* Aim of the task
For this task, output every entry below exactly and omit the pictures.

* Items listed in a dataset
--- --- ---
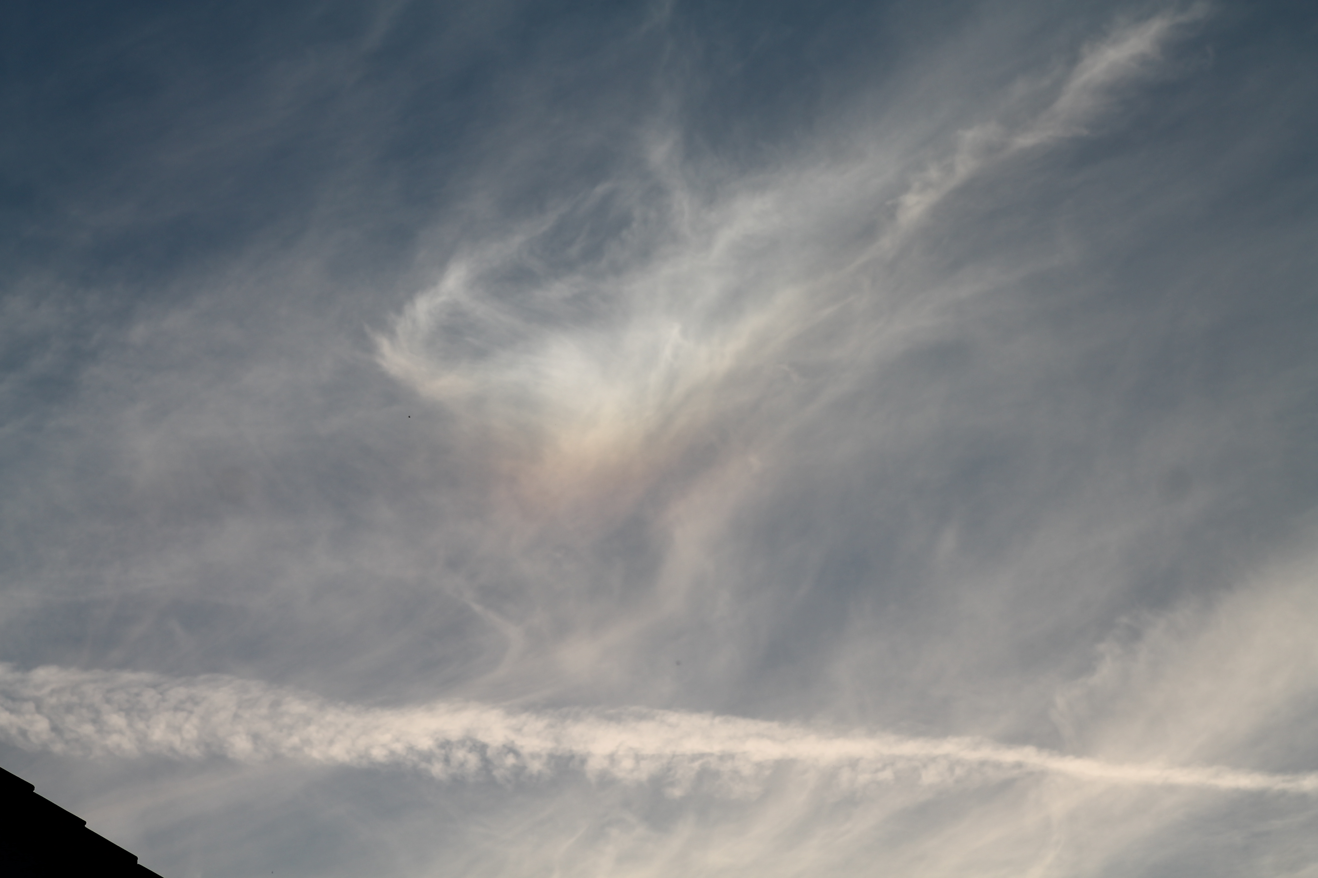 Am Abend des 22. April 2014 bemerkte ich farbige Reflexionen an Eiskristallwolken oberhalb der Sonne, die schon sehr horizontnah stand.
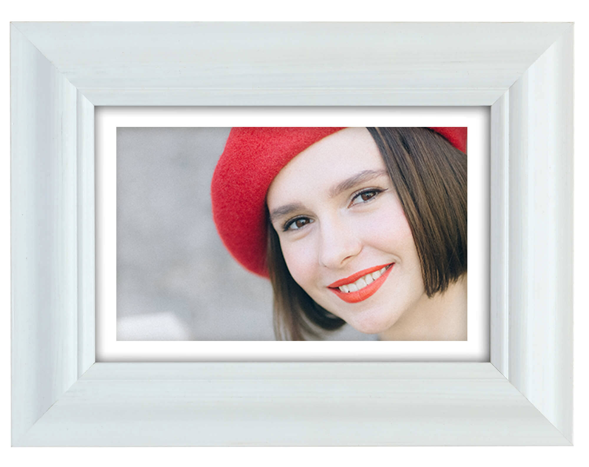 Klasyczna fotoramka w białym kolorze o przekroju profilu 31x16 mm wykonana w 100% z drewna. Przeznaczona jest do oprawy fotografii, plakatów i dyplomów. W zależności od formatu wyposażona jest w szkło mineralne lub bezbarwne szkło organiczne - wysokiej jakości plexi. Plecki wykonane są z twardej płyty HDF. Ramki na zdjęcia do rozmiaru 18x24 cm dodatkowo posiadają stopkę / nóżkę która pozwala eksponować oprawiony obraz na biurku lub regale. Ramka drewniana DRL N 1 dostępna jest w rozmiarach od 10x15 cm do 50x70 cm.
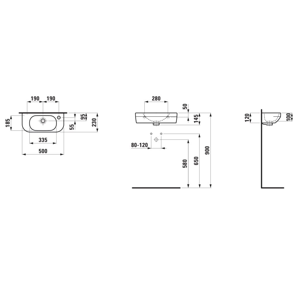 LAUFEN LUA Handwaschbecken 50 x 23 cm, Becken links mit Überlauf
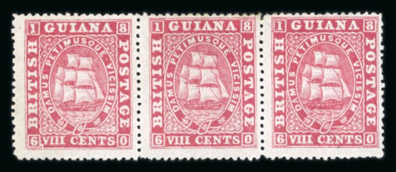 1875-76 8c deep rose perf.15 mint strip of three, very fine (S.G. £1'275 as singles).
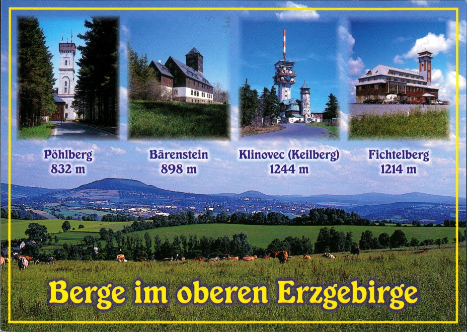 Postcart: Pöhlberg, Bärenstein, Klinovec, Fichtelberg - .Sachsen
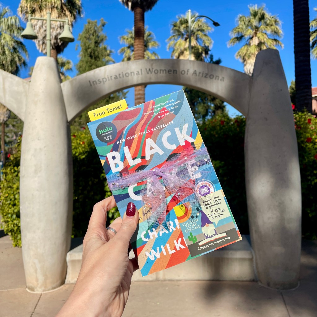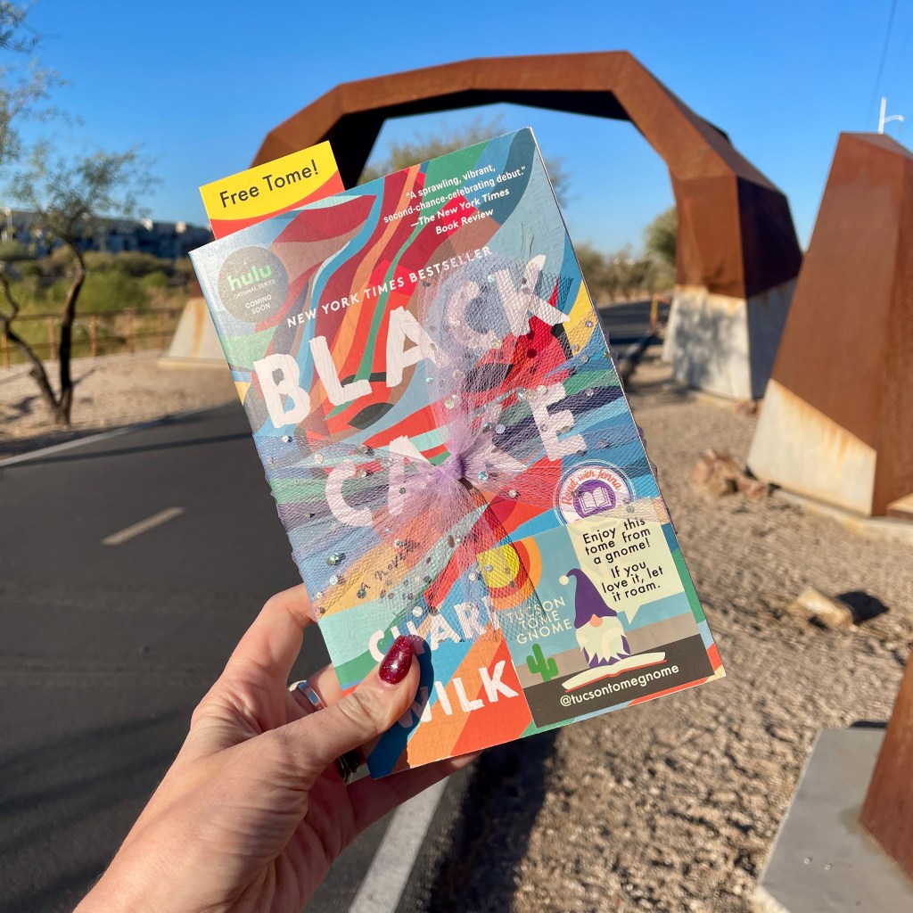 If you’re new here and didn’t get a chance to find a book last Sunday, some of our amazing guest gnomes will be hiding an additional 15 books of this month’s selection (on top of the 30) around Tucson over the next week or two. So keep your eyes peeled, as 15 more copies of Black Cake will be hidden around town! I do not post any hint photos of these books, as they are truly meant to be a random act of kindness for those who happen upon them. Yay for random bookish joy and delight!
--- --- ---
* Response to this exercise
 Am Abend des 22. April 2014 bemerkte ich farbige Reflexionen an Eiskristallwolken oberhalb der Sonne, die schon sehr horizontnah stand.
 Klasyczna fotoramka w białym kolorze o przekroju profilu 31x16 mm wykonana w 100% z drewna. Przeznaczona jest do oprawy fotografii, plakatów i dyplomów. W zależności od formatu wyposażona jest w szkło mineralne lub bezbarwne szkło organiczne - wysokiej jakości plexi. Plecki wykonane są z twardej płyty HDF. Ramki na zdjęcia do rozmiaru 18x24 cm dodatkowo posiadają stopkę / nóżkę która pozwala eksponować oprawiony obraz na biurku lub regale. Ramka drewniana DRL N 1 dostępna jest w rozmiarach od 10x15 cm do 50x70 cm.
 LAUFEN LUA Handwaschbecken 50 x 23 cm, Becken links mit Überlauf
 1875-76 8c deep rose perf.15 mint strip of three, very fine (S.G. £1'275 as singles).
 Postcart: Pöhlberg, Bärenstein, Klinovec, Fichtelberg - .Sachsen
 If you’re new here and didn’t get a chance to find a book last Sunday, some of our amazing guest gnomes will be hiding an additional 15 books of this month’s selection (on top of the 30) around Tucson over the next week or two. So keep your eyes peeled, as 15 more copies of Black Cake will be hidden around town! I do not post any hint photos of these books, as they are truly meant to be a random act of kindness for those who happen upon them. Yay for random bookish joy and delight!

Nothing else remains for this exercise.